--- DATASET SECTION Enclosed Below ---

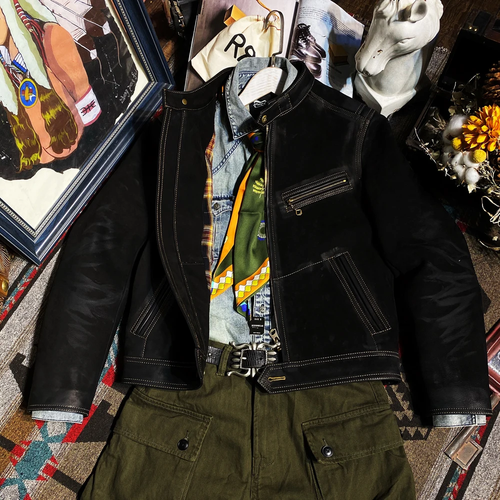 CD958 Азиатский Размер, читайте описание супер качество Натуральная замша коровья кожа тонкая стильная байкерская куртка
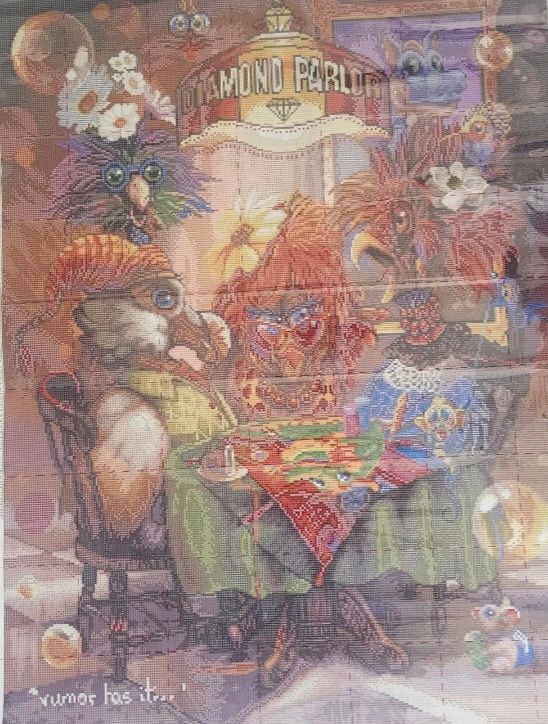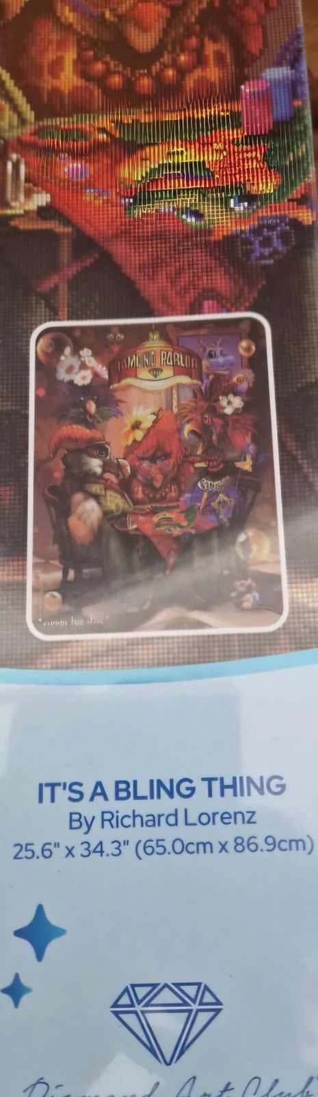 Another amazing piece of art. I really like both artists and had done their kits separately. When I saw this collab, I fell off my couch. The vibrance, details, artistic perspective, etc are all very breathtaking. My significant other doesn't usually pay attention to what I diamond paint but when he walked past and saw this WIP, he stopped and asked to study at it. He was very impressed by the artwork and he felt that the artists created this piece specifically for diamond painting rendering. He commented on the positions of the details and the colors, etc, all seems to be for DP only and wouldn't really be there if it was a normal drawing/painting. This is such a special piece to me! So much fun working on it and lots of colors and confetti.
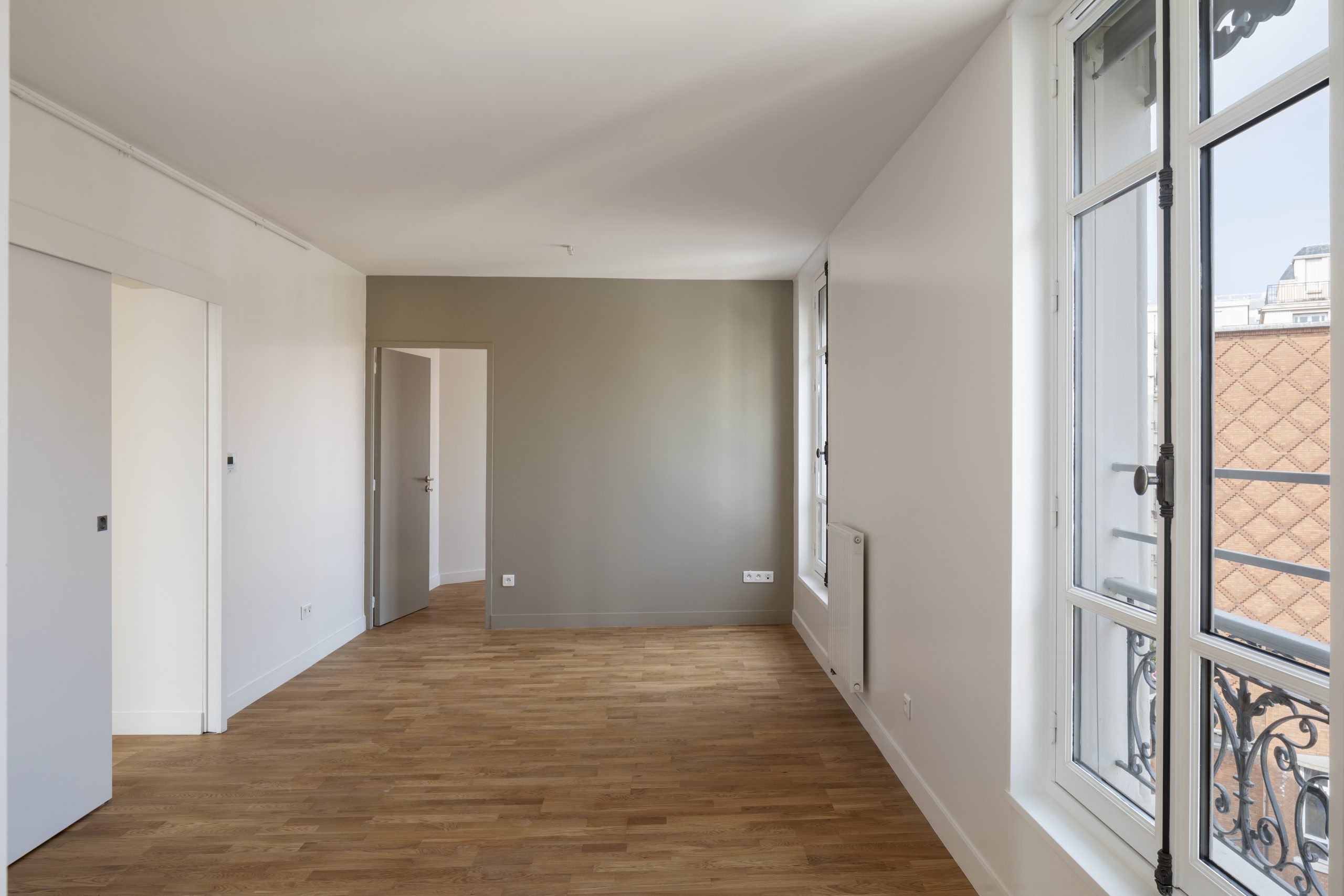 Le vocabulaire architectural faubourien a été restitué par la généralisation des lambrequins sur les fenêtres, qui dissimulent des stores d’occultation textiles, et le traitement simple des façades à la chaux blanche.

--- End of Enclosed DATASET SECTION ---

ACTIVITY: Only the pictures stay out; everything else in the listing above must be repeated exactly.

FINISHED EXERCISE:
 CD958 Азиатский Размер, читайте описание супер качество Натуральная замша коровья кожа тонкая стильная байкерская куртка
 Another amazing piece of art. I really like both artists and had done their kits separately. When I saw this collab, I fell off my couch. The vibrance, details, artistic perspective, etc are all very breathtaking. My significant other doesn't usually pay attention to what I diamond paint but when he walked past and saw this WIP, he stopped and asked to study at it. He was very impressed by the artwork and he felt that the artists created this piece specifically for diamond painting rendering. He commented on the positions of the details and the colors, etc, all seems to be for DP only and wouldn't really be there if it was a normal drawing/painting. This is such a special piece to me! So much fun working on it and lots of colors and confetti.
 Le vocabulaire architectural faubourien a été restitué par la généralisation des lambrequins sur les fenêtres, qui dissimulent des stores d’occultation textiles, et le traitement simple des façades à la chaux blanche.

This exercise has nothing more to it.